Related Link Thoughts on Michael Gerson’s “The Last Temptation”: Part 1 By John Fea 

… The answer extends back some 150 years, and involves cultural and political shifts that long pre-date Donald Trump. It is the story of how an influential and culturally confident religious movement became a marginalized and anxious minority seeking political protection under the wing of a man such as Trump, the least traditionally Christian figure—in temperament, behavior, and evident belief—to assume the presidency in living memory.

Understanding that evolution requires understanding the values that once animated American evangelicalism. It is a movement that was damaged in the fall from a great height.

My alma mater, Wheaton College, was founded by abolitionist evangelicals in 1860 under the leadership of Jonathan Blanchard, an emblematic figure in mid-19th-century Northern evangelicalism. Blanchard was part of a generation of radical malcontents produced by the Second Great Awakening, a religious revival that had touched millions of American lives in the first half of the 19th century. He was a Presbyterian minister, a founder of several radical newspapers, and an antislavery agitator.

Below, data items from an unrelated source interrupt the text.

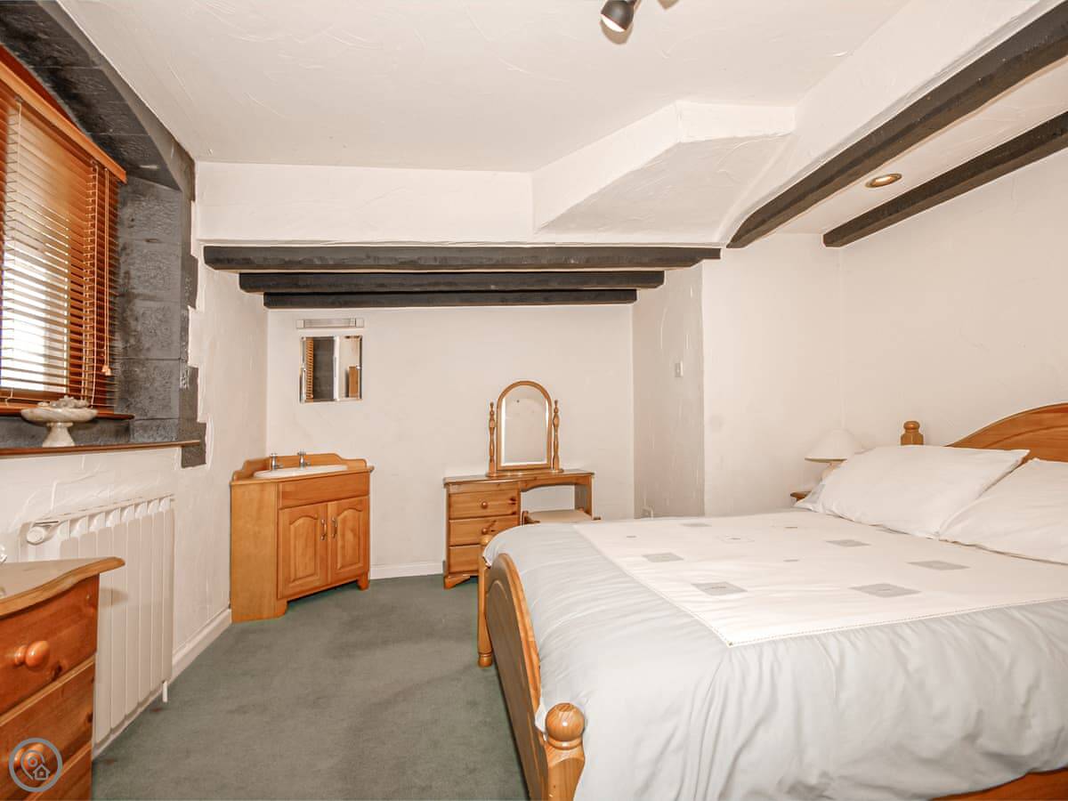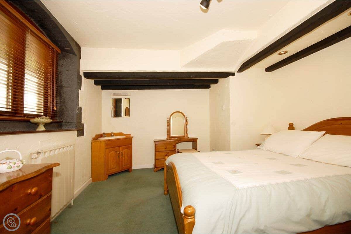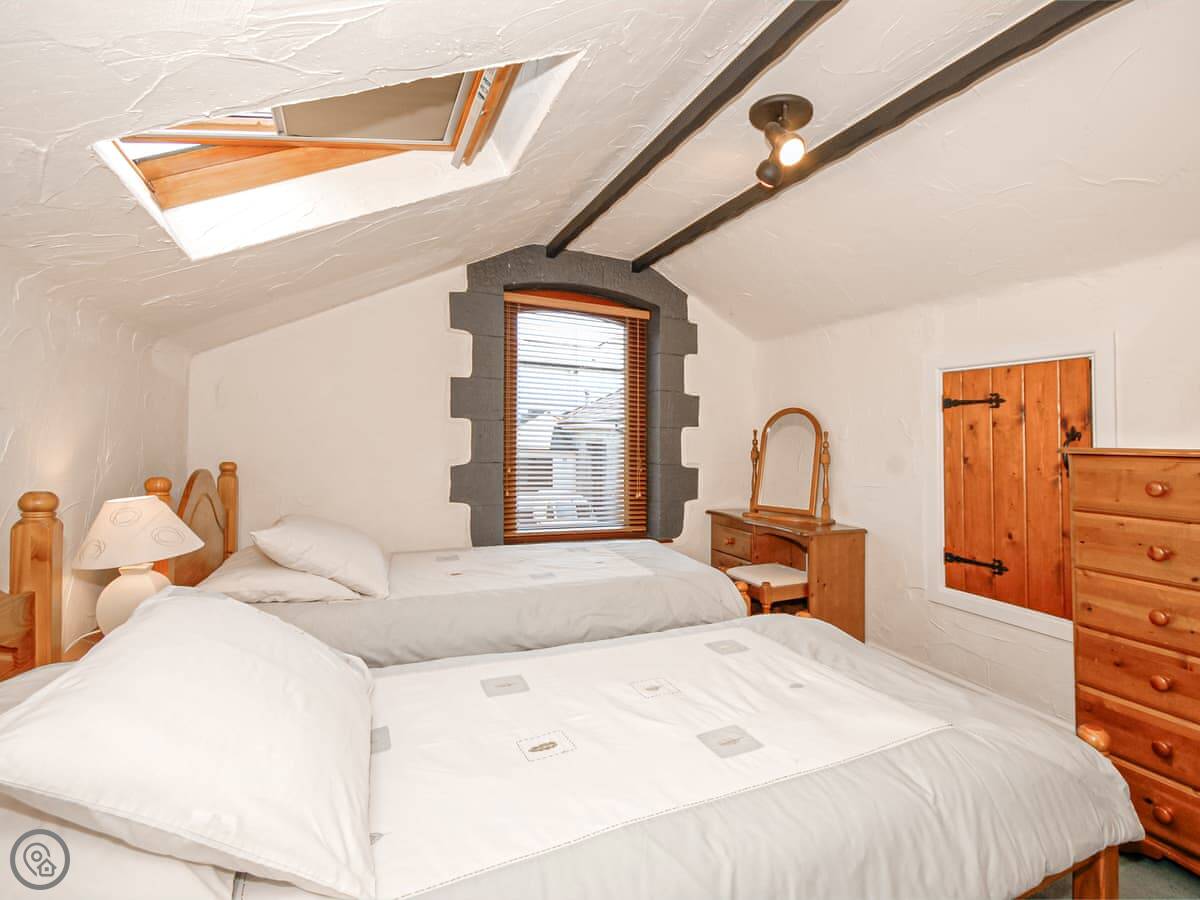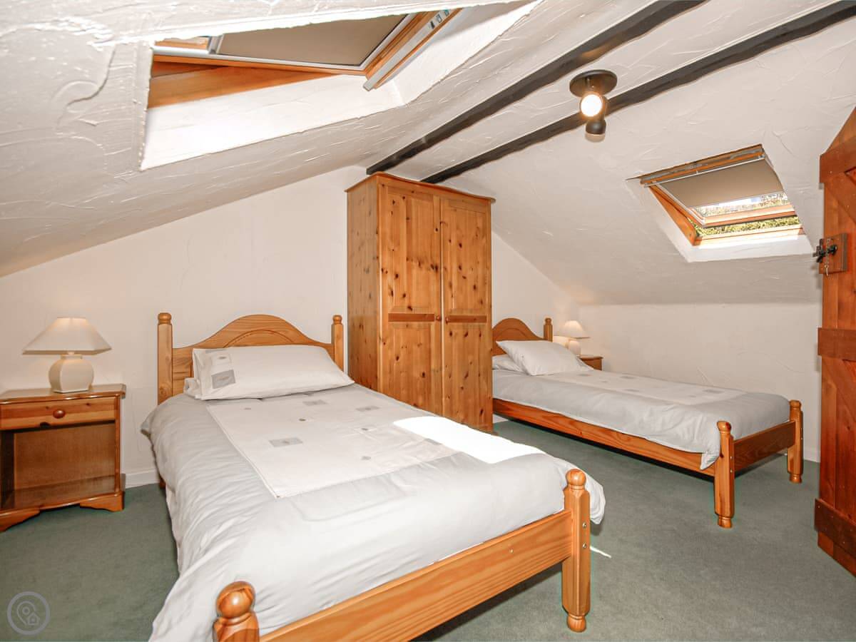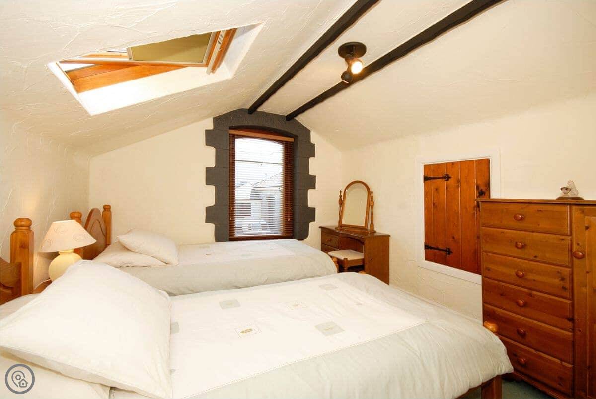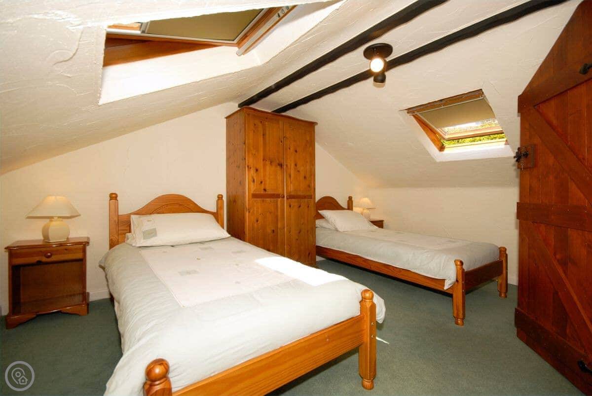 It sleeps six. Three bedrooms, one bathroom. It's got a 5 Star rating, which means it's well equipped and comfortable. The bedrooms have some unusual shapes because of the roof beams. One has roof windows in the ceiling, so you can see the sky from bed.
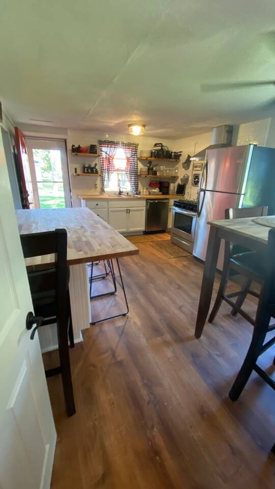 Eighth Street Escape, Beautiful House rental in Ohio has 3 bedrooms, 2 bathrooms, 7 sleeps, 1 minimum stay House for rent in Ohio United States of America with the amenities and near by attractions , Air Conditioning, Carbon monoxide detector, Children allowed, Children Welcome, Exterior lighting, Fire extinguisher, Fireplace, Free WiFi, Full Kitchen, Heating, Hot Tub, Internet, Kid Friendly, Kitchen, Linens Provided, No parties/events, No Smoking, Non-Smoking, Paper Towels, Parking, Pet Friendly, Smoke detector, Towels Provided, Washing Machine, Basic Soaps, Blender, Cable/Satellite TV, Ceiling Fans, Clothes Dryer, Coffee Grinder, Coffee Maker , Dining Area, Dishes & Utensils, Dishwasher, DVD Player, First-aid kit, Freezer, Hair Dryer , Hangers, Heater, Ice Maker, Ironing Board, Kettle, Living Room, Microwave, Outdoor Grill, Oven, Refrigerator, Shampoo, Stove, Telephone, Television, Toaster, Toilet Paper, Waffle Iron, Washer/Dryer Conditioner, Body soap, Hot water, 55-inch HDTV with Hulu, Travel cot – available upon request, Central air conditioning, Dedicated workspace, Fridge, Cooking basics, Dishes and cutlery, Outdoor furniture, Outdoor dining area, BBQ grill, Private hot tub – available seasonally
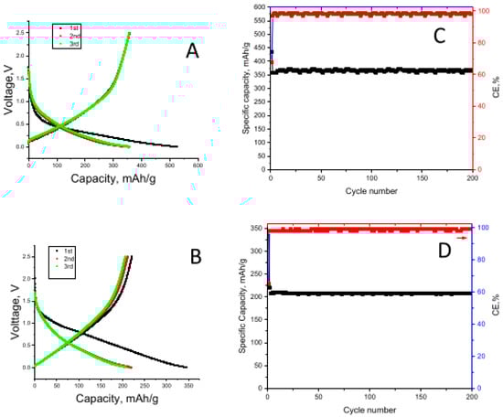 The first-cycle discharge–charge curves and cycling performance of graphene@porous CNFs in Li-ion and Na-ion batteries are shown in Figure 6A–D, respectively. The first-cycle discharge–charge capacities were 523 mAh/g and 356 mAh/g in Li-ion cells and 345 and 221 mAh/g in Na-ion cells, respectively. The Coulombic efficiencies of the graphene@porous CNFs in Li- and Na-ion batteries were 68% and 64%, respectively, while the Coulombic efficiencies for the CNFs were 63% and 49%, respectively. Improved Coulombic efficiencies with the addition of graphene were reported by Dufficy et al. [11] alongside the low irreversible capacity values, which are explained by hindered side reactions between Li ions/electrolyte and residual oxygen and nitrogen compounds in the electrodes.
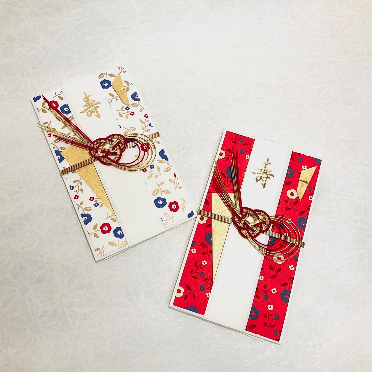 祝儀袋 結婚祝い 結び切り 京友禅紙使用【小花 白・赤】
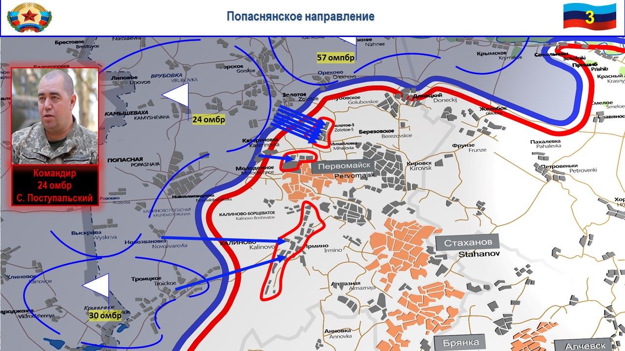 На попаснянском направлении боевики 3 батальона 24 омбр, выполняя преступный приказ Поступальского, с позиций в районе н. п. Золотое-4 шесть раз обстреляли из гранатометов, крупнокалиберных пулеметов и стрелкового оружия район н. п. Золотое-5, а также с позиций в районе н. п. Новозвановка и Троицкое из гранатометов и крупнокалиберных пулеметов обстреливали район н. п. Калиново.
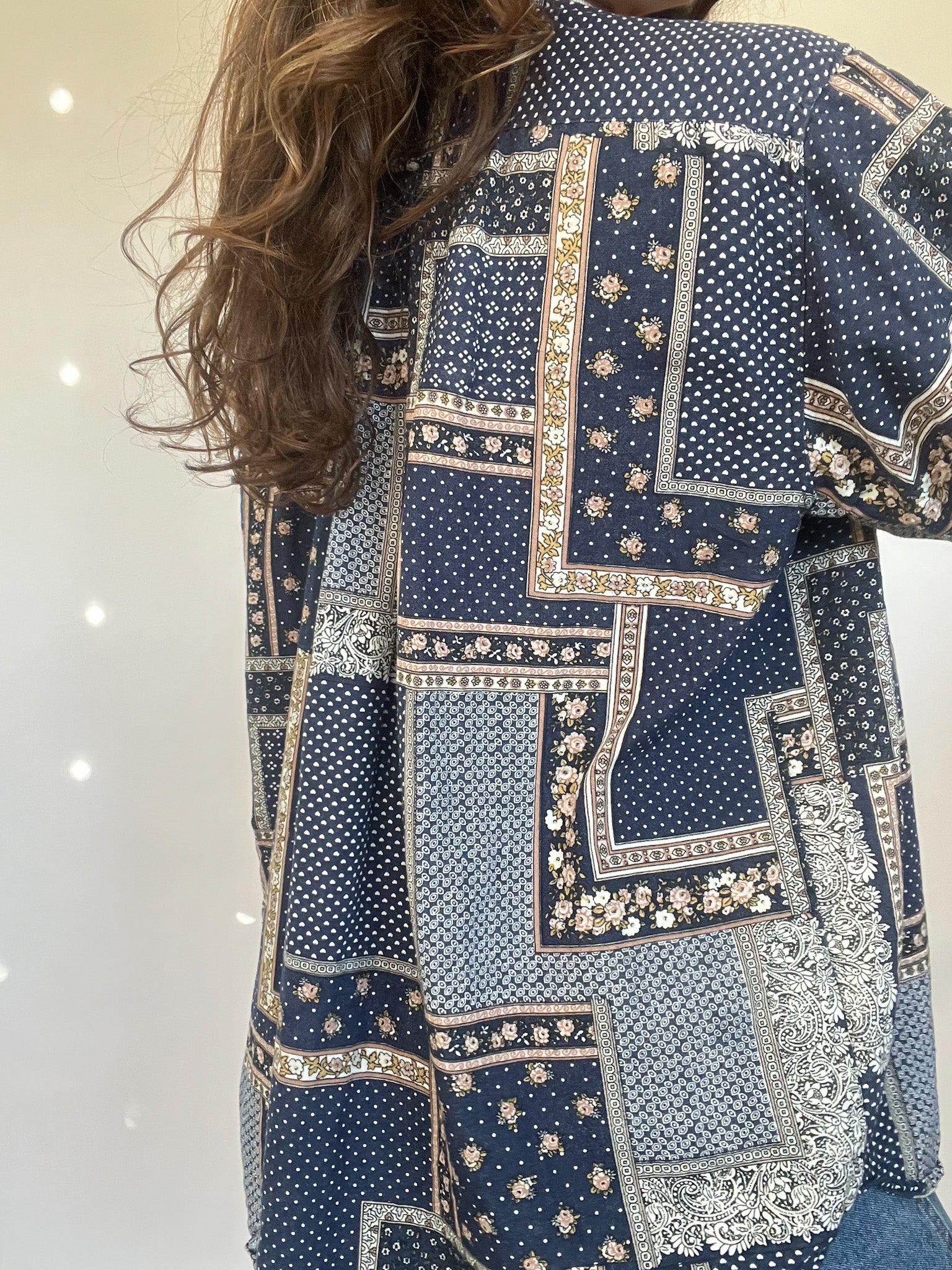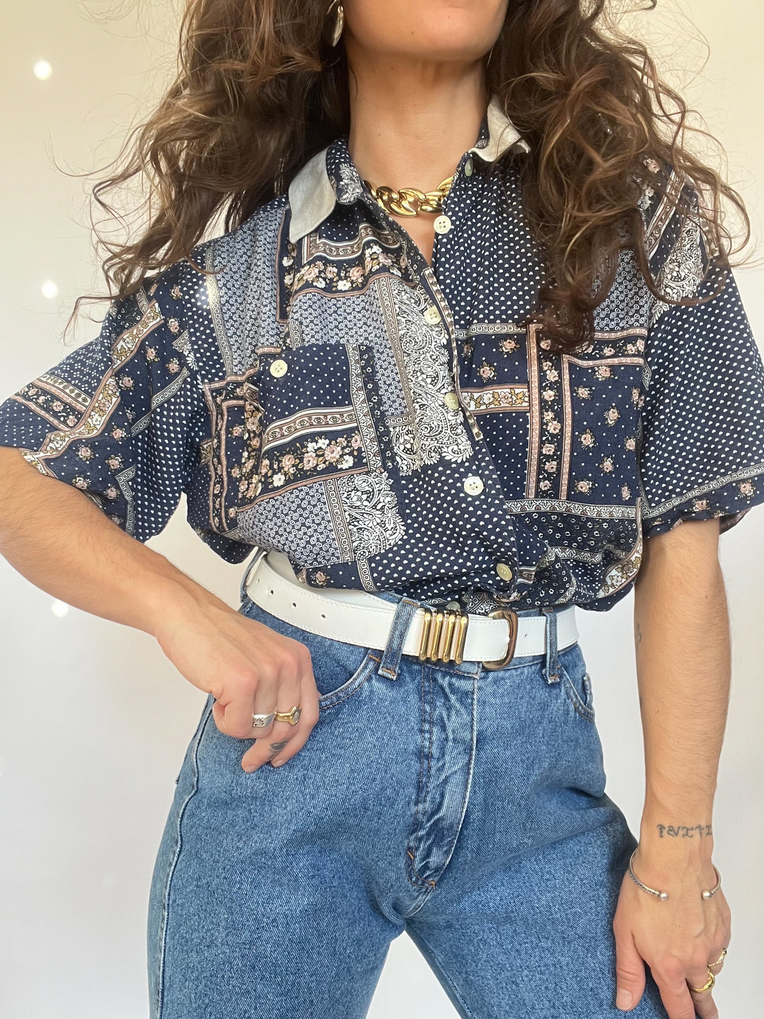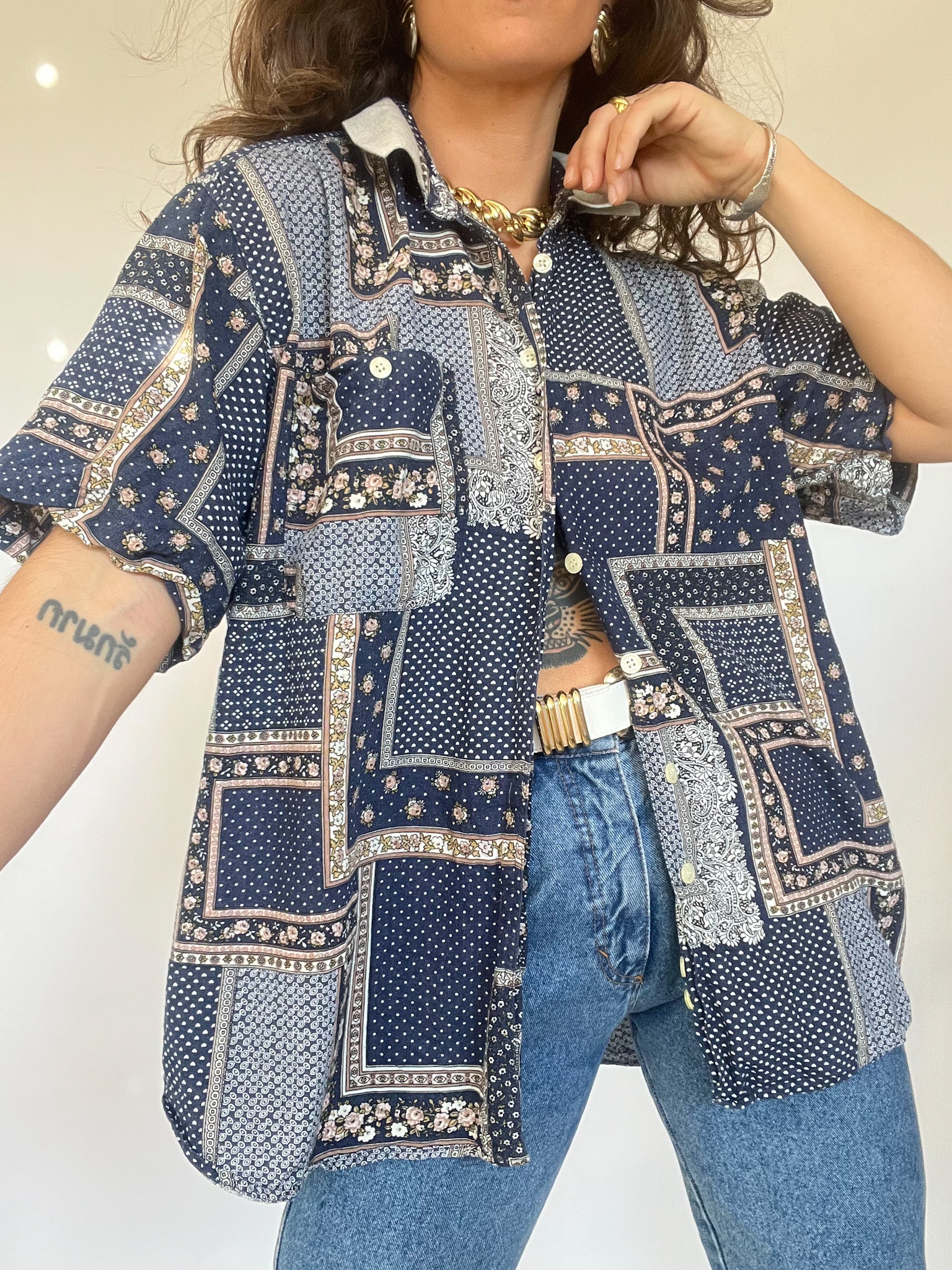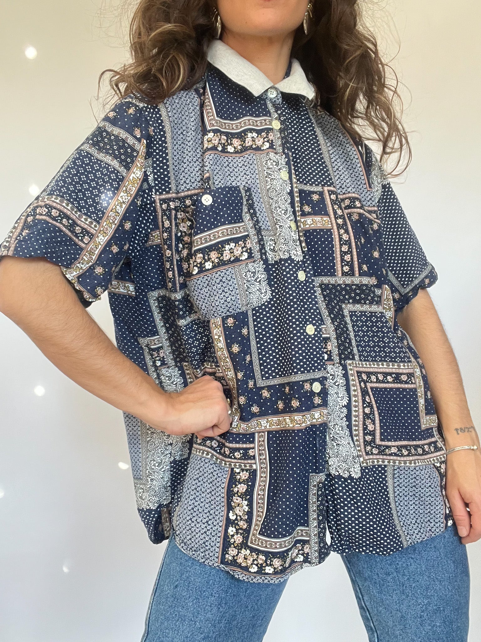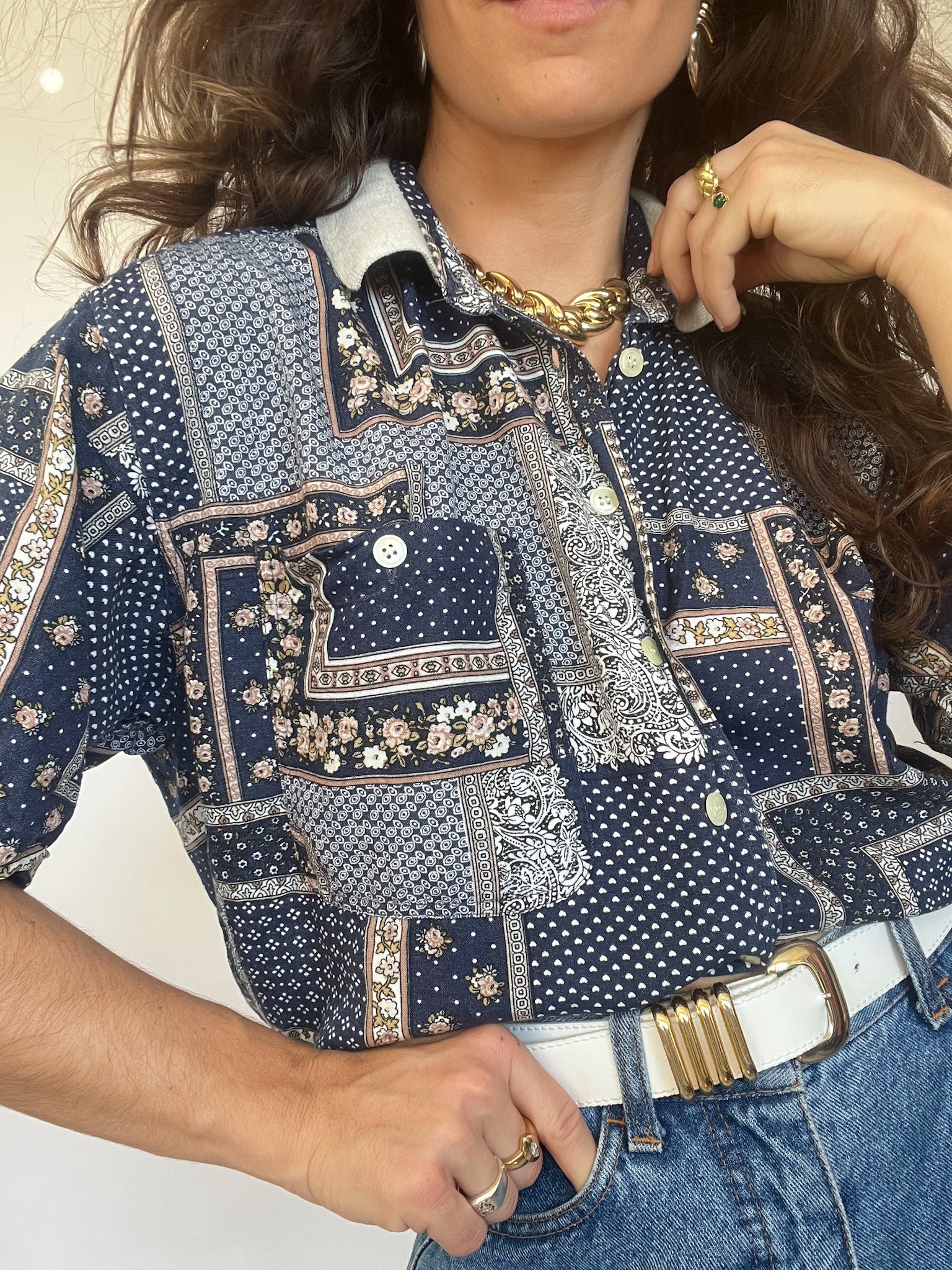 Vintage Navy Patchwork Shirt with Graphic Collar

In the years before the Civil War, a connection between moralism and a concern for social justice was generally assumed among Northern evangelicals. They variously militated for temperance, humane treatment of the mentally disabled, and prison reform. But mainly they militated for the end of slavery. 
Indeed, Wheaton welcomed both African American and female students, and served as a stop on the Underground Railroad. In a history of the 39th Regiment of the Illinois Volunteer Infantry, the infantryman Ezra Cook recalled that “runaway slaves were perfectly safe in the College building, even when no attempt was made to conceal their presence.”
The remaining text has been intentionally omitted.